Amela Skiljan, Angelika Hilbeck and Brian Wynne participated in the conference “Towards a just and habitable world: exploring the role of technology” from 2-5 June 2026 at University of Lausanne. Please find the context of their workshop as well as their presentations below.
An area that is often neglected (or intentionally excluded) as a contributing factor to some of our crucial challenges, such as combating the consequences of climate change, are weapons – arguably the most damaging technologies – and as an extension, the military and armed conflict. One the most obvious examples is the exclusion of military emissions from the binding reduction targets enshrined in the Kyoto Protocol, although the US army, for instance, emits more CO2 annually than some states, including industrialized states such as Sweden or Switzerland.
Threats posed by weapons and armed conflict exceed those of CO2 emissions. For example, the deployment of mines, which are labelled by the International Committee of the Red Cross as “a perverse use of technology,”[i] hinders the safe use of land for agriculture or grazing livestock,[ii] and endangers lives of civilians even after hostilities have terminated, sometimes for decades. Damage to the natural environment during armed conflict is unfortunately very common, not only resulting from the use of weapons, but also by the employment of certain means and methods of warfare, such as the use of herbicides to damage crop fields.

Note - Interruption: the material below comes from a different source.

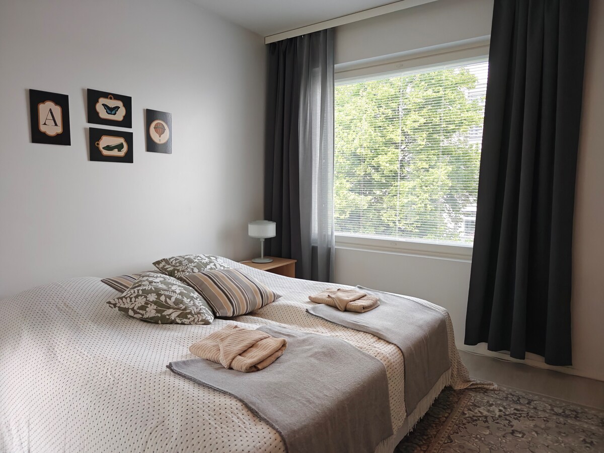 Tyylikkäästi sisustettu kaksio 500m ydinkeskustasta. Parivuode 140cm ja vuodesohva esim 1-2 lapselle. Keittiö korkeatasoisesti varusteltu,kaikki kodinkoneet. TV,Wifi,Chromecast. Iso (10m2) kalustettu parveke oleskeluun. Sisään- ja uloskirjautumisajat joustavat ilman lisäkorvausta,varaustilanteen mukaan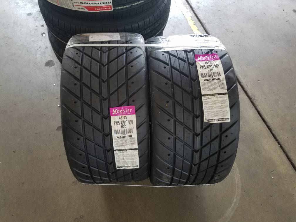(Thread Starter) | Not Ranked : 0 score Good weekend. Saturday was pouring rain most of the morning, so we bailed. Sunday turned out to be a pretty nice day. I ended up with a trifecta - 1st in class, 1st on overall raw time, and 1st on index. My 1st time ever for that. I was pretty happy with the car - I put in Hawk HP+ brake pads up front and they are on the opposite end of the spectrum. Maybe too touchy, but I want to run them another day or two before I decide on something else. Great braking power at low pedal pressure, so it doesn't seem to be a vacuum or brake booster issue. I got a little more used to them a couple runs in, but still locked up the front tires very briefly once or twice. Johanna had a rough day mashing cones. She ended up 9th on overall raw time with the cone, and would have been 6th if it was clean. For future rainy days, I picked up some Hoosier H2O rain tires. These will go on my green XXR's. 245/40/17, but they look gigantic. ![]()

Risks stemming from weapons of mass destruction, in particular nuclear weapons, are even more wearisome. The use of nuclear weapons is predicted to result in apocalyptic humanitarian and ecological consequences, which, as the International Court of Justice observed in 1996, “cannot be contained in either time or space”[iii] and from which future generations are not spared either.
Not only that the use of weapons is tied to terrible consequences, they also require resources (and produce waste) for development, production and maintenance. Further resources are required to re-build what has been destroyed, if it can be re-built at all. This entire circle is in marked contrast with a just and habitable world, and it arguably deepens the gap between the global north and the global south even further. As such it needs to be subject of discussion, breaking the systematic negligence that seems to be attached to it.
International law has developed various ways to prohibit or limit certain categories of weapon systems or technologies based on their damaging effects.
[i] Louis Maresca and Stuart Casey-Maslen, The banning of anti-personnel landmines: The legal contribution of the International Committee of the Red Cross, 1. publ Cambridge Univ. Press, 2000, p. 257.
[ii] Stuart Casey-Maslen, The Convention on the Prohibition of the Use, Stockpiling, Production, and Transfer of Anti-Personnel Mines and in their Destruction in Eric P J Myjer and Thilo Marauhn (eds), Research handbook on international arms control law, Research handbooks in international law series, Edward Elgar Publishing, Cheltenham, UK, Northampton, MA, USA, 2022, p. 347.
[iii] ICJ, Legality of the Threat or Use of Nuclear Weapons, ICJ Reports 1996, p. 66, ICJ Advisory Opinion, 08 July 1996, para. 35.